Even worse than training courses are online educational or training videos. I simply cannot stand these things. Sure, with a video I can pause or skip around at will, but how can I know where the interesting bits are, if they even exist. The lecturer has no idea how the audience is responding since there is no interaction whatsoever. Online videos succeed in completely removing the one aspect of lectures that I find remotely useful - asking questions to go into an interesting topic in more depth. The few times I've tried watching them, I end up watching the time tick away on the position slider while trying earnestly not to pull my hair out.

I'm sure each of these ways of learning are invaluable to other people because everyone learns differently. I'm sure there are plenty of people that can't stand reading to understand concepts and get lost when experimenting on their own. They may find lectures and guidance and coaching extremely helpful, and that is a great way for them to learn.

My wife learns in a completely different way than I do.

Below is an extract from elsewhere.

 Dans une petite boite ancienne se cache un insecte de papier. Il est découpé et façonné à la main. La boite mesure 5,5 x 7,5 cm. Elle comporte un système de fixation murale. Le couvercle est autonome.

She takes copious amounts of notes. I am astounded by the volume of notes that she can take, and she can remember where she's written stuff on any given topic. This is all entirely foreign to me. Even if I could continue to follow a lecture while taking notes, which I can't, I would never find a use for the notes after I'd taken them anyway. She has a chronological memory, though, and she can pull up old notes in her notebooks quite easily to refresh her memory on something. I bet the act of taking notes also helps her more fully understand what she's hearing. I know plenty of people learn that way, it just never worked for me.

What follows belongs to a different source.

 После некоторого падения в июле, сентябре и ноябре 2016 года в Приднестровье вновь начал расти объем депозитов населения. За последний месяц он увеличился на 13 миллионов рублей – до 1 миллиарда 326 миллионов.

What is even stranger to me is the way my wife learns by asking questions, and I mean a lot of questions. If it were me, I would be expending so much mental energy coming up with all of those questions that I would quickly become thoroughly confused about what we were even talking about anymore. I'm still trying to figure out how her extensive questioning works exactly, but I do know that it works well for her. She is wickedly smart when it comes to understanding human interaction and emotions, and this way of learning probably accentuates that ability. She can easily interpret underlying motives and concerns in group settings of which I am completely unaware. So her ways of learning are completely different than mine, and incredibly effective for her.

These methods are certainly not the only ways that we learn. Learning styles is its own field of pedagogical research, although studies on proving the beneficial link between learning style and student are mostly inconclusive. Learning a bit about the research may help give you ideas for how you learn best, but I pretty much came to the realization on my own. I'm sure you already have a pretty good idea of how you learn best as well. I imagine the research was running into problems with the prerequisites to learning because they would have to standardize what was being learned, likely on some mundane topic. If you aren't interested in the topic, how you learn it isn't going to make one whit of difference. However, if you really want to learn something, I'm convinced that how you learn it can mean the difference between frustratingly slow progress and quick, clear understanding. I encourage you to experiment with your learning style on something that you have been meaning to teach yourself lately. Go on and find out how you learn best. I'd love to hear about it.